Les usines Renault de Maubeuge et Douai, dans le Nord, sont distantes d'environ 70 kilomètres. Renault souhaiterait transférer l'activité d'assemblage de Maubeuge à Douai. Un projet qui permettrait de renforcer l'activité d'assemblage de Douai et de spécialiser à nouveau Maubeuge dans l'emboutissage et la tôlerie, signant un retour du site à sa vocation initiale.
L'usine de Maubeuge, spécialisée actuellement dans les petits utilitaires, a été créée en 1969 par la Société des Usines Chausson, devenue ensuite Chausson Carrosserie puis filiale Renault à la fin des années 70. Elle employait en 2019 environ 1 600 personnes. Un millier de salariés serait concerné par le transfert.

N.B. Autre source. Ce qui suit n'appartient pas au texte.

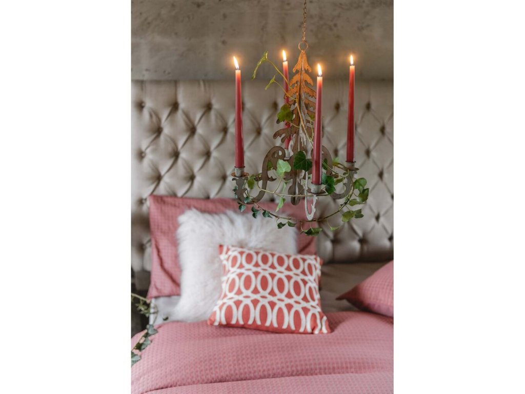 Originálny závesný svietnik v tvare stromčeka od talianskej značky Blanc Maricló z kolekcie Dulcis Memoria je výnimočným dekoratívnym prvkom, ktorý dodá vášmu interiéru romantickú a vintage atmosféru. Vyrobený z kvalitného kovu so štýlovou sivou patinou, je určený na zavesenie pomocou retiazky a pojme až 4 sviečky, čím vytvára hrejivý svetelný efekt.

Une table ronde le 1er juin
Lors de la présentation du plan de soutien à la filière automobile, ce 26 mai dans l'usine Valeo d'Etaples (également dans les Hauts-de-France), Emmanuel Macron a fait référence a ce projet de transfert d'activité, mettant la pression sur les dirigeants de Renault, rencontrés le matin même. "Je demande à ce que l'ensemble des salariés de Maubeuge et de Douai puissent avoir toutes les garanties sur leur avenir, leur capacité à produire, et à oeuvrer dans le groupe Renault. Je souhaite aussi que l'ensemble des sous-traitants puissent avoir une visibilité claire et des garanties". Le ministre de l'Economie Bruno Le Maire présidera le 1er juin une table ronde rassemblant direction, syndicats et élus pour évoquer l'avenir des deux sites industriels. Des élus de Maubeuge se sont rassemblés ce 26 mai pour dénoncer le projet de transfert d'activité de Maubeuge à Douai.
En novembre 2018, Emmanuel Macron avait visité le site de Maubeuge et Renault s'était alors engagé à investir 450 millions d'euros dans le développement du site. Une promesse que le président de la République a rappelé aux dirigeants du constructeur, soulignant que la garantie du prêt accordé par les banques à Renault n'a pas encore été signée par l'Etat... "Le prêt de 5 milliards d'euros dépendra de l'issue des discussions", prévient le chef de l'Etat.
Plan d'économies présenté le 28 mai
L'optimisation des implantations industrielles du groupe au losange sera au coeur du plan d'économies de deux milliards d'euros qu'il doit présenter le soir du 28 mai à ses syndicats réunis en CSE extraordinaire.
Selon plusieurs médias français, le plan pourrait entraîner aussi la fermeture du site de Choisy, dont l'activité de recyclage mécanique serait transférée ailleurs, de la Fonderie de Bretagne à Caudan et du site d'assemblage de l'Alpine à Dieppe.